Given these ps71 coordinates:
x = [-1063266 -970737 -1215679 -1180454 -935503 -909082 -1012026 -1063266]; y = [-431445 -601644 -1057500 -1076443 -620578 -634782 -826374 -431445]; plot(x,y,'w.') text(x(1:7),y(1:7),num2str((1:7)'),... 'horiz','center','vert','middle',... 'fontsize',20,'fontweight','bold') hold on box off axis equal xlabel 'easting (m)' ylabel 'northing (m)'
Make waypoints 3 & 4 270 degree turns, begin a 180 degree turn at waypoint 5, and do another big loopy turn at waypoint 7. Note: even though the big loopy turn at waypoint 7 is more than a 170 degree turn, we still call it a 270.
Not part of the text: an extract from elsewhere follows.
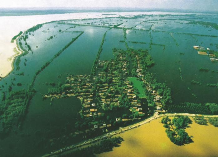 1998年長(zhǎng)江發(fā)生洪災(zāi)時(shí)被水淹沒(méi)的嘉魚(yú)縣鄉(xiāng)村簰洲灣

turns = [0 0 270 270 180 0 270 0]; [xi,yi] = fopturns(x,y,turns); plot(xi,yi,'b.')
Zoom in on those 270 turns:
axis([-1236553 -1165209 -1098079 -1041809])
Zoom in on the 180 turn starting at waypoing 5:
axis([-950659 -899969 -645979 -605999])
As a fun exercise to try at home, repeat Example 1 with these types of turns:
turns = [0 270 270 270 270 270 270 0]; turns = [0 0 0 0 0 0 0 0]; turns = [0 0 180 0 180 0 0 0];
For a quick check of total flight distance use fopturns without writing any output variables. For example, calculate the straight-line distance for the waypoints from Example 1:
Total flight distance: 1914 km (1034 nmi).
How much extra flight distance will a couple of 270 turns add?
fopturns(x,y,[0 0 270 270 0 0 0 0])
Total flight distance: 1982 km (1070 nmi).
Looks like those two turns add about 68 km to the flight assuming the default 5 km turning radius.
Exercising all the options here. We'll use the same waypoints as in Example 1, but we'll enter them as decimal degrees. We'll specify an aircraft turning radius of 8.5 km and get coordinates every 200 m along track.
[lat,lon] = ps2ll(x,y); turns = [0 0 180 0 180 0 270 0];
Plot the straight-line track in geo coordinates:
figure modismoa(mean(lat),mean(lon),900,'inset','northwest','contrast','vlc') plotm(lat,lon,'color',[.58 .82 .99])
Calculate the path with turns and plot:
[lati,loni,d,dwp] = fopturns(lat,lon,turns,'radius',8500,'spacing',200); plotm(lati,loni,'g','linewidth',1)
Now create an elevation profile. Start by geting Bedmap2 surface elevations along track:
z = bedmap2_interp(lati,loni,'surface');
Plot elevation as a function of distance along the flight path:
figure plot(d/1000,z,'linewidth',2) xlabel 'distance along flight (km)' ylabel 'surface elevation (m)' box off; hold on; axis([-100 2100 800 2500])
zwp = 2300*ones(length(dwp),1); plot(dwp(:,2)/1000,zwp,'k+') text(dwp(:,2)/1000,zwp,num2str(dwp(:,1)),'vert','bottom','horiz','center')
Note: Waypoint 7 is passed twice--once going into the 270 turn and once coming out.
Chad A. Greene wrote the fopturns function and supporting documentation in November 2015.